• _Task description_: Without altering a word, return the records below, but exclude the pictures.

• _Excerpted data_:
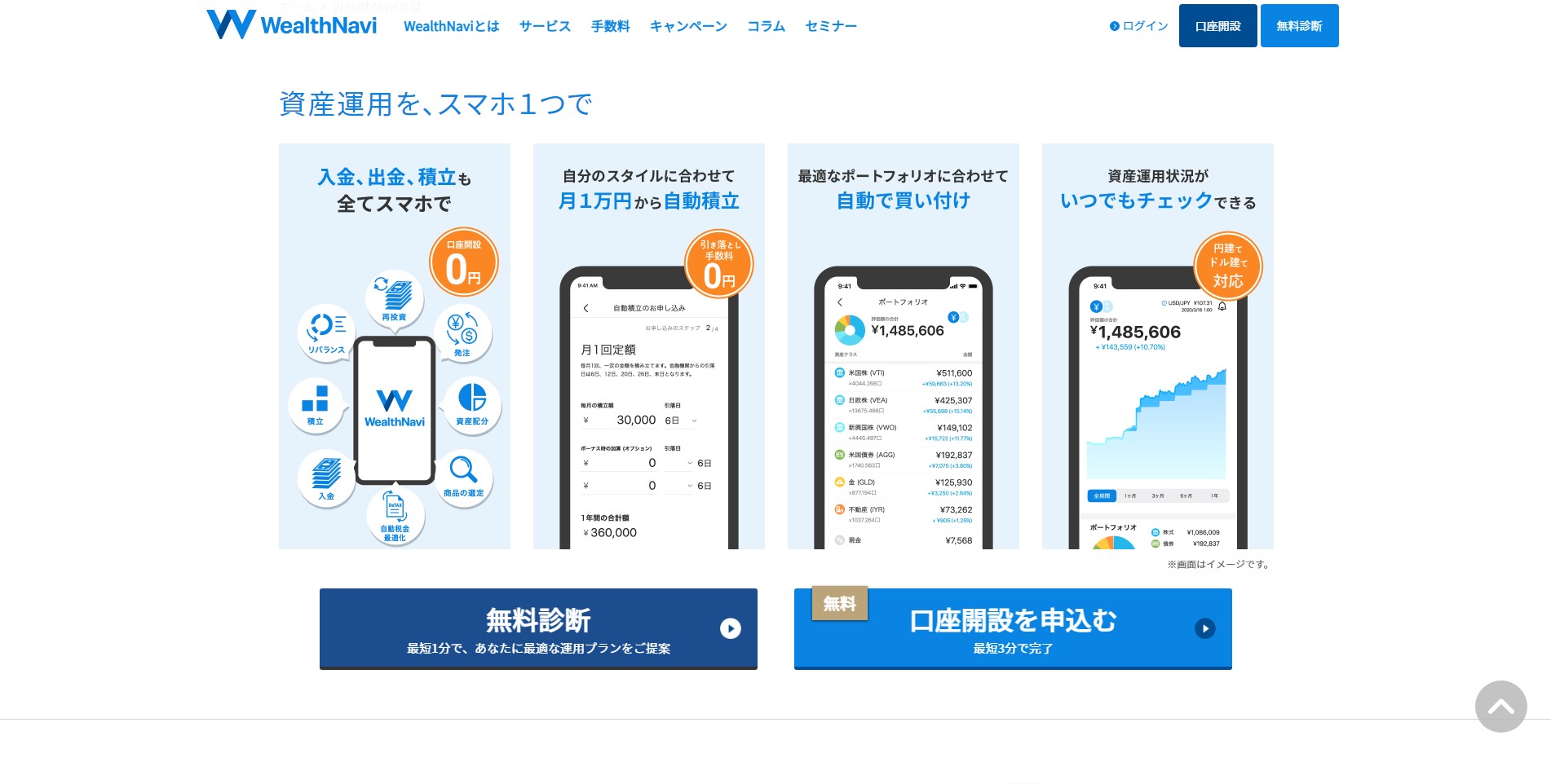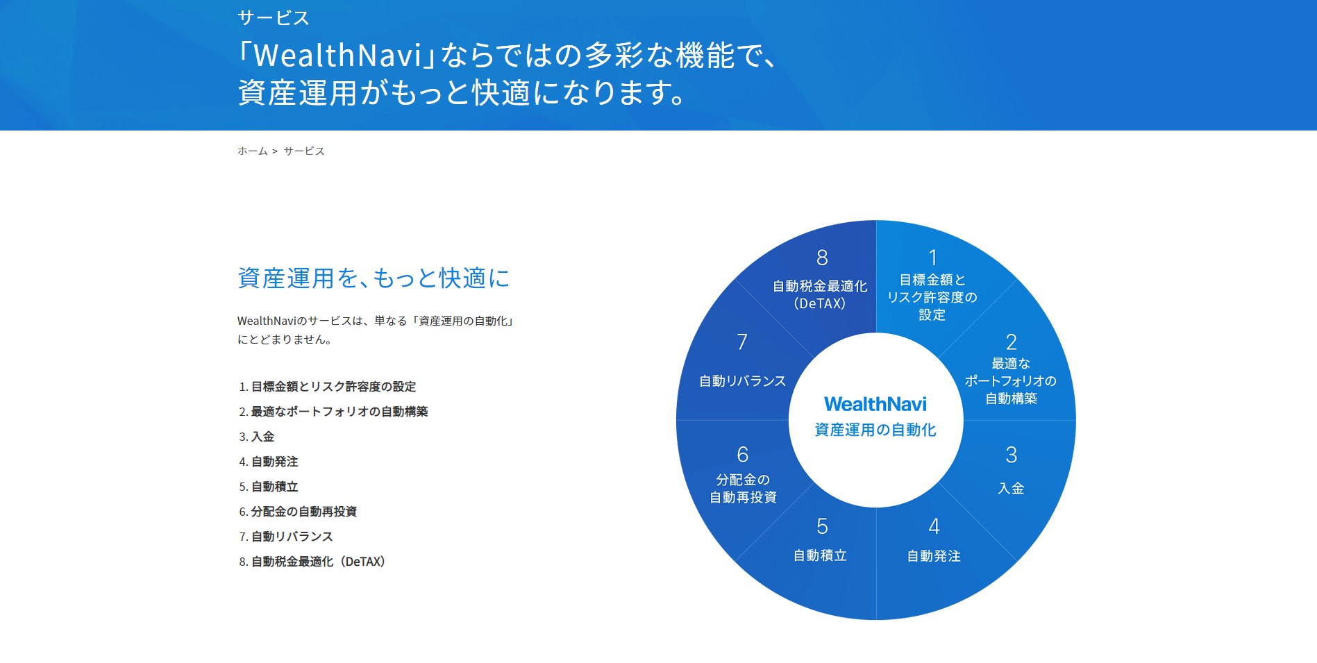 「WealthNavi」は、ノーベル賞受賞者が提唱する理論に基づき、6~7つのETF(上場投資信託)を通じて、世界約50カ国1万1,000銘柄に分散投資。資産配分の決定から発注、積立、リバランス、税金最適化まですべて自動で行うという特徴を持つ。
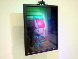 裸眼3Dでは、NHK技研1階ロビーに8Kディスプレイとインテグラル方式によるものと、ホログラフィーによるもののデモコーナーを展開。「4K、8Kで高画素化した次は、テレビに求められるのは奥行きの表現だろう。映像の次の進化は立体テレビだと思っている」(NHK技研所長 黒田徹氏)との考えの下、裸眼3D展示を例年よりも大きく展開している。2030年ごろの実用化システム構築を目指しているという。
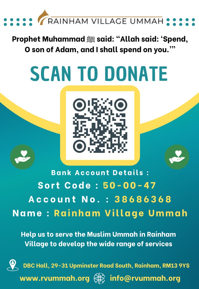 Donate generously online using your online internet banking / banking app, transfer to Rainham Village Ummah Bank Account.
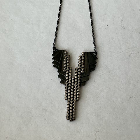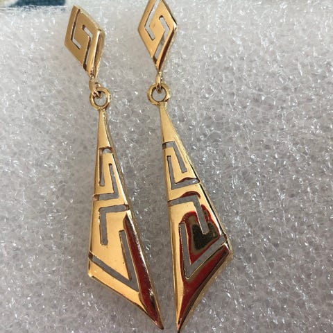 Maria Black øreringe til kvinde i sølv. Øreringene har en mørk, geometrisk vedhængsform og lukkes med almindelig stik-lås bag øret. Velegnet som iøjnefaldende smykke til hverdagsbrug eller festlige anledninger. Bemærk, den ene bagmekanik mangler. Som ny. Brugt 1 gang.
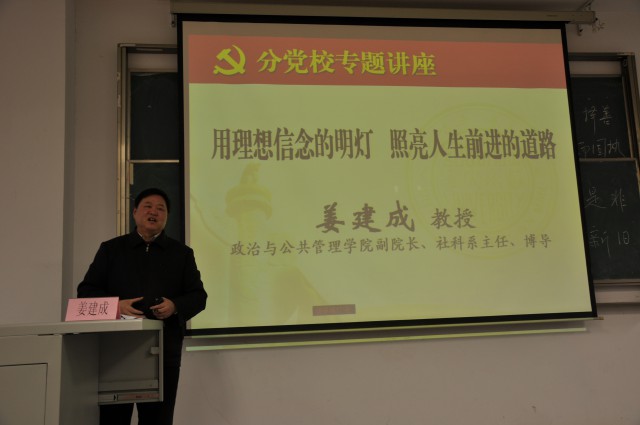 本次培训邀请了政治与公共管理学院副院长,社会科学系主任,博士生导师姜建成教授作题为“用理想信念的明灯,照亮人生前进的道路”的讲座。在赵阳书记简要介绍姜建成教授之后,姜教授围绕“理想与信念”两个关键词开始了他的讲座。
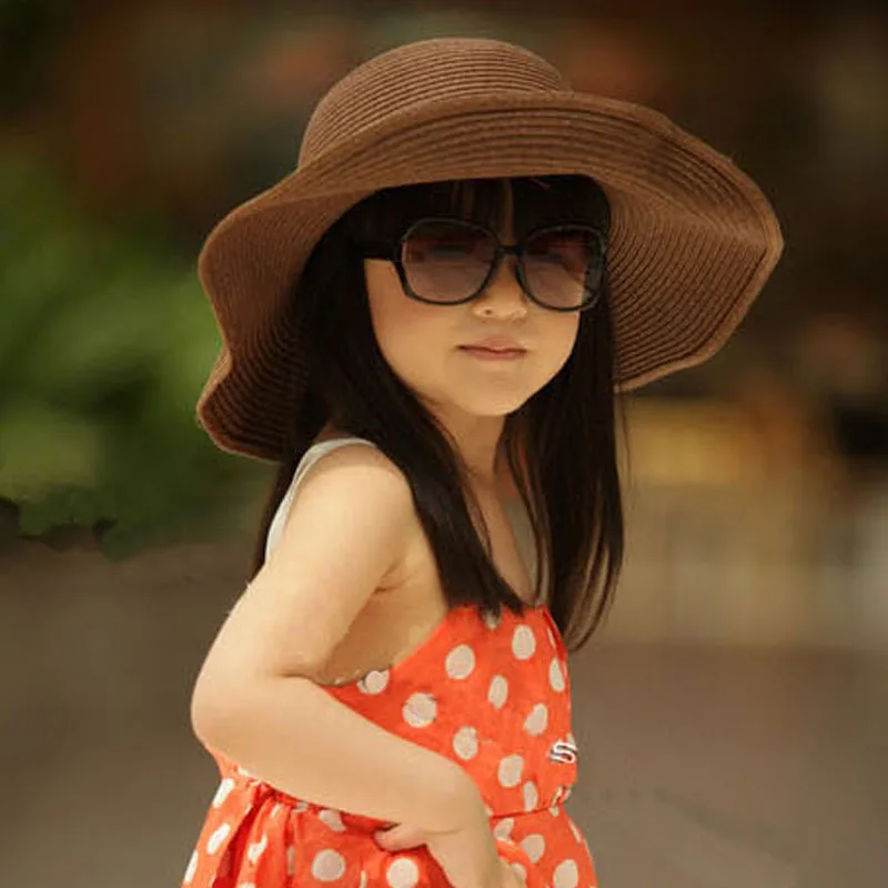[EXILIENS] 2017 New Fashion Summer Brand Children’s Sun Hats Girl Cap Beach Straw Pendant Top Kid Big Brim Shade Sunscreen Girls
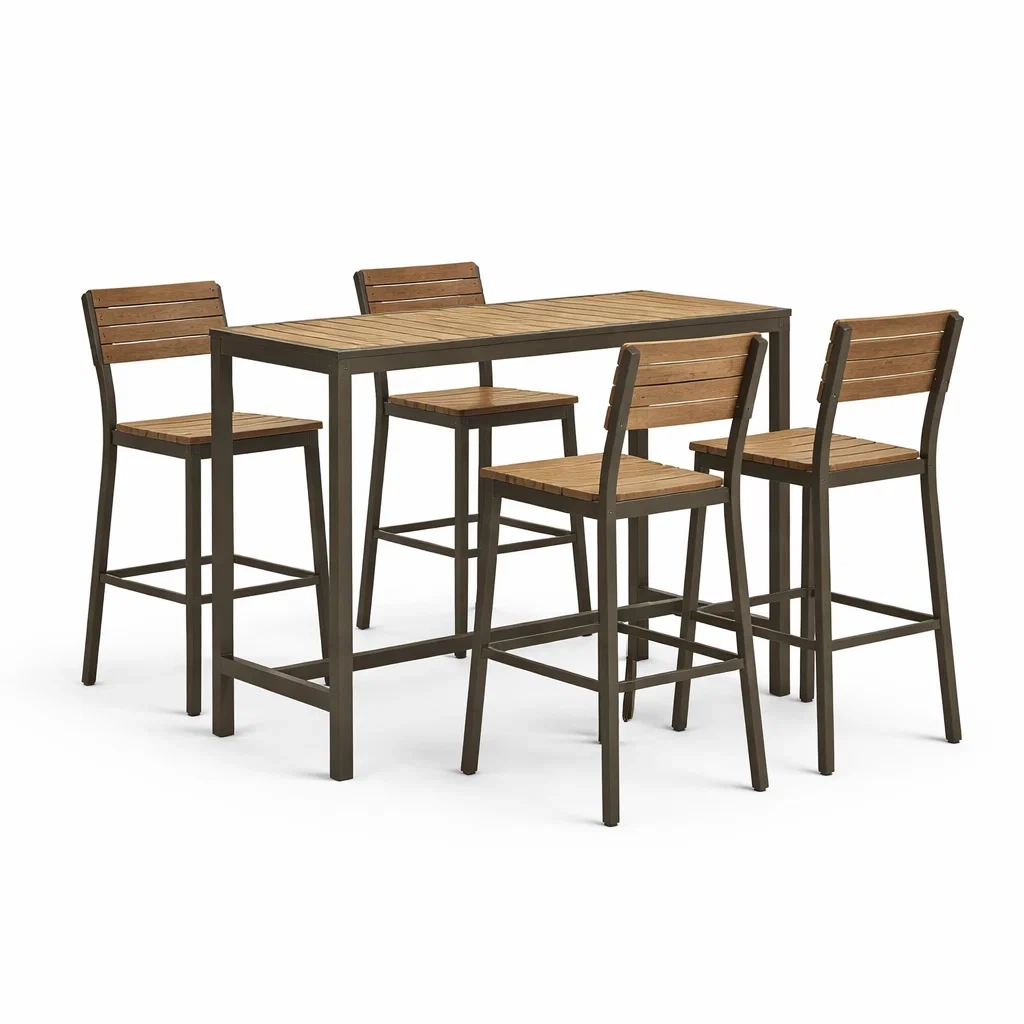 La table est fabriquée avec un cadre en acier robuste et un plateau en bois d'acacia. Chaque chaise est également construite avec un siège et un dossier en bois d'acacia. La table mesure 120 cm x 60 cm x 105 cm et chaque chaise mesure 40 cm x 35 cm x 100 cm. L'ensemble comprend une table et quatre chaises. Cet ensemble nécessite un assemblage.
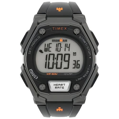 Mecanismo: Analógico (Quartzo) Gênero: Masculino Funções: alarme, timer, cronômetro, luz, monitor de frequência cardíaca, contador de passos e contador de calorias. Prova d'água: 100m Características: com caixa e pulseira em resina Diâmetro da caixa: 45 mm Largura da Pulseira: 19 mm Garantia: 1 ano pelo fabricante Timex

• _Answer for this exercise_:
 「WealthNavi」は、ノーベル賞受賞者が提唱する理論に基づき、6~7つのETF(上場投資信託)を通じて、世界約50カ国1万1,000銘柄に分散投資。資産配分の決定から発注、積立、リバランス、税金最適化まですべて自動で行うという特徴を持つ。
 裸眼3Dでは、NHK技研1階ロビーに8Kディスプレイとインテグラル方式によるものと、ホログラフィーによるもののデモコーナーを展開。「4K、8Kで高画素化した次は、テレビに求められるのは奥行きの表現だろう。映像の次の進化は立体テレビだと思っている」(NHK技研所長 黒田徹氏)との考えの下、裸眼3D展示を例年よりも大きく展開している。2030年ごろの実用化システム構築を目指しているという。
 Donate generously online using your online internet banking / banking app, transfer to Rainham Village Ummah Bank Account.
 Maria Black øreringe til kvinde i sølv. Øreringene har en mørk, geometrisk vedhængsform og lukkes med almindelig stik-lås bag øret. Velegnet som iøjnefaldende smykke til hverdagsbrug eller festlige anledninger. Bemærk, den ene bagmekanik mangler. Som ny. Brugt 1 gang.
 本次培训邀请了政治与公共管理学院副院长,社会科学系主任,博士生导师姜建成教授作题为“用理想信念的明灯,照亮人生前进的道路”的讲座。在赵阳书记简要介绍姜建成教授之后,姜教授围绕“理想与信念”两个关键词开始了他的讲座。
[EXILIENS] 2017 New Fashion Summer Brand Children’s Sun Hats Girl Cap Beach Straw Pendant Top Kid Big Brim Shade Sunscreen Girls
 La table est fabriquée avec un cadre en acier robuste et un plateau en bois d'acacia. Chaque chaise est également construite avec un siège et un dossier en bois d'acacia. La table mesure 120 cm x 60 cm x 105 cm et chaque chaise mesure 40 cm x 35 cm x 100 cm. L'ensemble comprend une table et quatre chaises. Cet ensemble nécessite un assemblage.
 Mecanismo: Analógico (Quartzo) Gênero: Masculino Funções: alarme, timer, cronômetro, luz, monitor de frequência cardíaca, contador de passos e contador de calorias. Prova d'água: 100m Características: com caixa e pulseira em resina Diâmetro da caixa: 45 mm Largura da Pulseira: 19 mm Garantia: 1 ano pelo fabricante Timex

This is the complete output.